Are you judging anything way out here in the West?


----------



## sterregold (Dec 9, 2009)

Only in Ontario--and those may well be the only ones I take this year. I am the test secretary for two regular hunt tests, the Master National and a field trial this year, as well as wanting to qualify Breeze for the Master National here and finish her CKC Master, and get Bonnie ready for SH. So kinda thinking I have enough on my plate!


----------



## GoldenSail (Dec 30, 2008)

Nice photos and explanations. Very helpful!


----------



## EvanG (Apr 26, 2008)

I should preface my remarks as an observation, rather than a judgment.

I am not a believer in so-called Senior set-ups or Seasoned set-ups, but rather fieldwork that is within the scope of a dog's developmental skills. Having been a field trial pro, I had to win in any class I ran in, and that gave me a different perspective. I had to do better, train and handle better, or I would not win. In that venue you can't just be "good enough".

I believe that's a good rule of thumb for Hunt Test folks. Train first; test later. If your dog is now running and doing well at set ups in training that are are at the Master/Finished level, you'll do fine in Senior or Seasoned. If he's routinely eating them up, and can competently run set ups at a Qualifying (FT) level, he'll probably do fine in Master/Finished.

Train at a higher level than you'll compete. That's a winning strategy, and one that will save you money and regret. It's a lot more gratifying to go home with ribbons than excuses.

EvanG


----------



## sterregold (Dec 9, 2009)

I would agree with that approach Evan. The purpose of showing these actual tests was to give them an idea of the variety of tests they might see so that they can assess whether the dog would be overwhelmed or underwhelmed in these situations. If the test seems intimidating, or iffy for the dog then they are not ready to run it. For example my Winter succesfuly ran the tests indicated this summer and last fall, but in the same time he was also the bye dog in a couple of Master tests and did those marks. Sure there were factors we had to contend with in the tests he ran, but we had the tools to deal with them because he had been training higher. I had a good idea of what to expect though necause I have watched a heck of a lot of tests over the years by going and marshalling or gunning for the clubs to which I belong, or even just going to watch tests--unfortunately these economic times make that much harder than it used to be--with the cost of gas now it is a much harder decision to just go and watch and blow a tank of gas for the sake of gaining that experience.

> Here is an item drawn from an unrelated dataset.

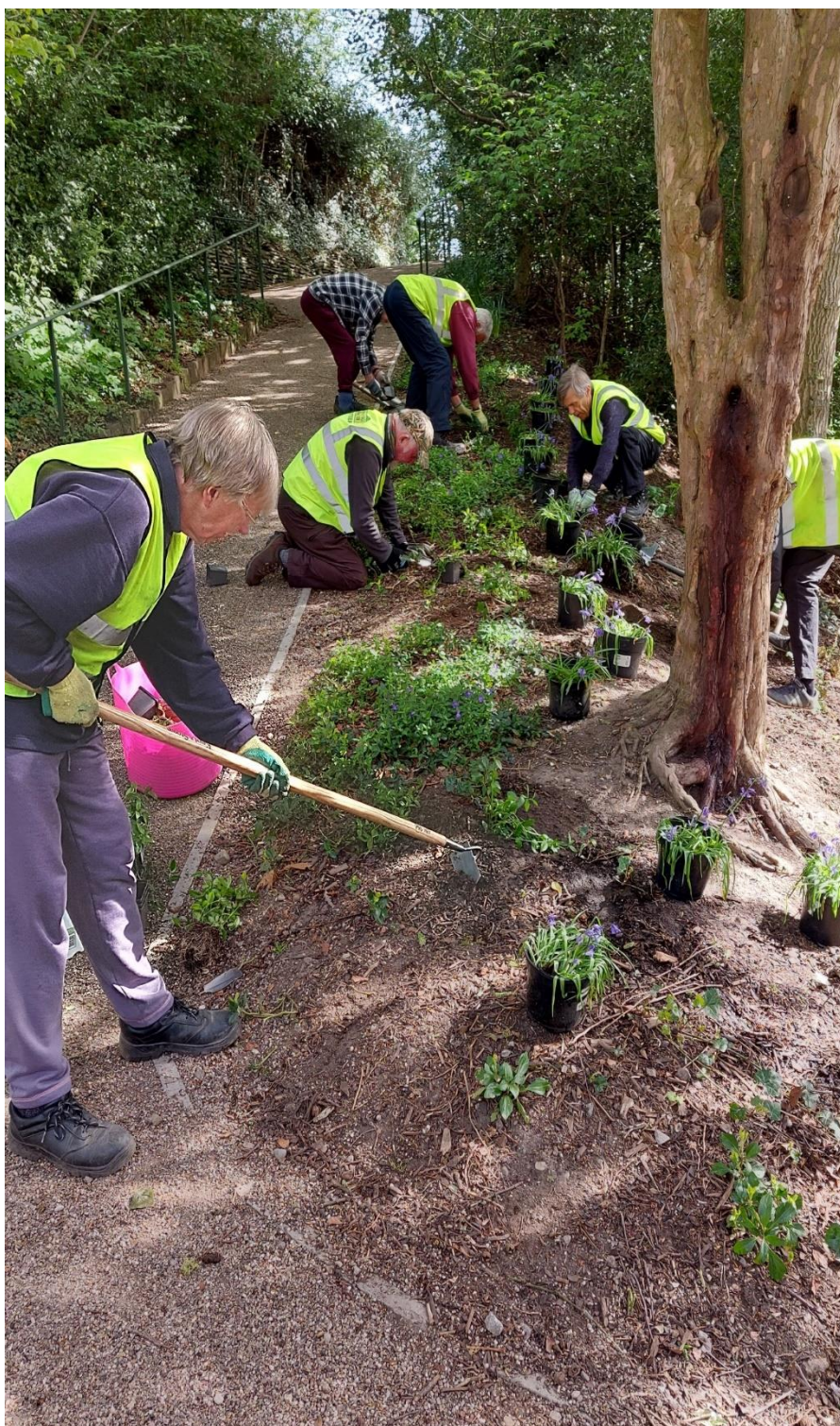
Improving the Beds - Bed 6 is a challenge: at the top end of the shady Bed 6, bluebells and other plants being added in late Spring 2022. More new plants will be needed in the future by Friend (as the original pachysandra planted there by the landscape contractors struggled there for various reasons).

Pictures don't show all of the nuances, but at least they'll give some point of reference for self-assessment.

Having a realistic notion of what to expect when you are making that first venture into a new level is important so you can accurately assess if your dog is ready or not--I know I saw far too many people at the tests I ran who were just giving it a hail Mary, or were shocked or overwhelmed by what their dogs were asked to do in Senior. Their expectations of the test, and notion of whether they were challenging their dog in training, were wholly at odds with the reality of what the dogs had to do in the tests. A lot of grumbling about the tests being too hard in a couple of these, but the reality was the dogs simply were not ready. So if folks getting ready to make the leap have any notion that they might be tempted to make those statements if asked to run the hardest scenario shown then they are not ready, and need to be challenging their dog more.


----------



## hotel4dogs (Sep 29, 2008)

I have never seen a senior test run, and these were incredibly helpful to me. As I look at them, my gut reaction is, "we can do this". 
As I commented in another thread, the weekend will cost me $500. Unless I have at least SOME notion of what to expect, I could be throwing the money away. Conversely, I could be passing up a double SH, which is pretty rare, when he has a very good chance to succeed.
So the diagrams that Shelly provided were incredibly valuable to me.
As I've said before also, Dan firmly believes in training above the level you are preparing to run.


----------



## hotel4dogs (Sep 29, 2008)

this is probably a silly question...if for some reason your dog is drawn to run first, and you've never seen a SH before, could you ask the marshall to change your run order or are you stuck?


----------



## sterregold (Dec 9, 2009)

hotel4dogs said:


> this is probably a silly question...if for some reason your dog is drawn to run first, and you've never seen a SH before, could you ask the marshall to change your run order or are you stuck?


You can always ask--and if you put it politely with that explanation many marshalls will want to try to help you out--it is at the marshall's discretion, however. Most of the time, they will be able to wiggle it a bit, but if it is a small entry, or there are pros entered who are over at Master, the marshall will have to work with who they have, and generally the preference to run in as close to order as possible. The judges also appreciate not having to flip back and forth in ther books.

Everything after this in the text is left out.